United States District Court, D. North Dakota

November 2, 2017

Enerplus Resources USA Corporation, a Delaware corporation, Plaintiff,
v.
Wilbur D. Wilkinson, an individual; Three Affiliated Tribes, Fort Berthold District Court; Reed Alan Soderstrom, agent for Wilbur D. Wilkinson; and Ervin J. Lee, an individual, Defendants. And Ervin J. Lee, an individual, Third-Party Plaintiff,
v.
Reed Soderstrom, an individual; MHA Nation Supreme Court; Three Affiliated Tribes; and Fort Berthold Tribal District Court, Third-Party Defendants. and Ervin J. Lee, an individual, Cross-Claimant
v.
Wilbur D. Wilkinson, an individual, Cross-Defendant.

          ORDER GRANTING PLAINTIFF'S MOTION FOR SUMMARY JUDGMENT

          DANIEL L. HOVLAND, CHIEF JUDGE.

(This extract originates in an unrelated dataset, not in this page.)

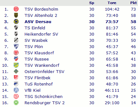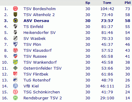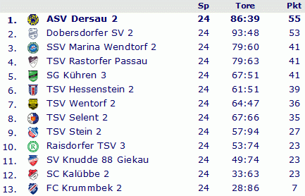 Abschlusstabelle B-Klasse Plön 1998/99

         Before the Court is Plaintiff Enerplus Resources (USA) Corporation's (“Enerplus”) motion for summary judgment filed on April 13, 2017. See Docket No. 78. Defendant Wilbur Wilkinson filed a response in opposition to the motion on May 4, 2017. See Docket No. 84. Ervin Lee did not respond to the motion. Enerplus filed a reply brief on May 10, 2017. See Docket No. 85. Also before the Court is Enerplus' motion for attorney fees on appeal remanded to this Court by the Eighth Circuit Court of Appeals pursuant to Rule 47C(b) of the Federal Rules of Appellate Procedure. See Docket Nos. 89 and 90. For the reasons set forth below, Enerplus' motion for summary judgment and motion for appellate attorney fees are granted.

         I. BACKGROUND

         Enerplus is a Delaware corporation whose principal place of business is located in Denver, Colorado. Enerplus is primarily engaged in the oil and gas exploration business and is authorized to do business as a foreign corporation in the state of North Dakota. Wilbur Wilkinson is an individual residing in Garrison, North Dakota, and a citizen of the state of North Dakota. The Three Affiliated Tribes Fort Berthold District Court (“Tribal Court”) is a Tribal Court sitting on the Fort Berthold Indian Reservation in North Dakota. Reed Soderstrom is an attorney at Pringle & Herigstad, P.C., in Minot, North Dakota, and a citizen of North Dakota. Ervin Lee is a former attorney and a citizen of the state of North Dakota.

         In September 2008, Wilkinson filed a lawsuit against Peak North Dakota, LLC (“Peak North”) and others in Tribal Court. Lawsuits involving Peak North and Wilkinson were filed in a number of other courts as well. On October 31, 2008, the Tribal Court dismissed the lawsuit because it lacked jurisdiction as a result of the forum selection clauses in the agreements between Peak North and Wilkinson. See Docket No. 1-2. On or about October 4, 2010, Peak North and Wilkinson, among others, entered into a “Settlement Agreement, Full Mutual Release, Waiver of Claims and Covenant Not to Sue” (the “Settlement Agreement”) which resolved all the lawsuits, whereby Peak North agreed to assign to Wilkinson a 0.5% of 8/8ths overriding royalty interest in certain oil and gas leases located in North Dakota. See Docket No. 1-3. Lee represented Wilkinson during the negotiation of the Settlement Agreement. Ten percent (10%) of Wilkinson's overriding royalty interest was assigned to Lee as part of the Settlement Agreement. In the Settlement Agreement, Peak North and Wilkinson agreed that “any disputes arising under this Agreement and/or the transactions contemplated herein shall be resolved in the United States District Court for the District of North Dakota Northwest Division and such court shall have exclusive jurisdiction hereunder and no party shall have the right to contest such jurisdiction or venue.” See Docket No.1-3, ¶ 7.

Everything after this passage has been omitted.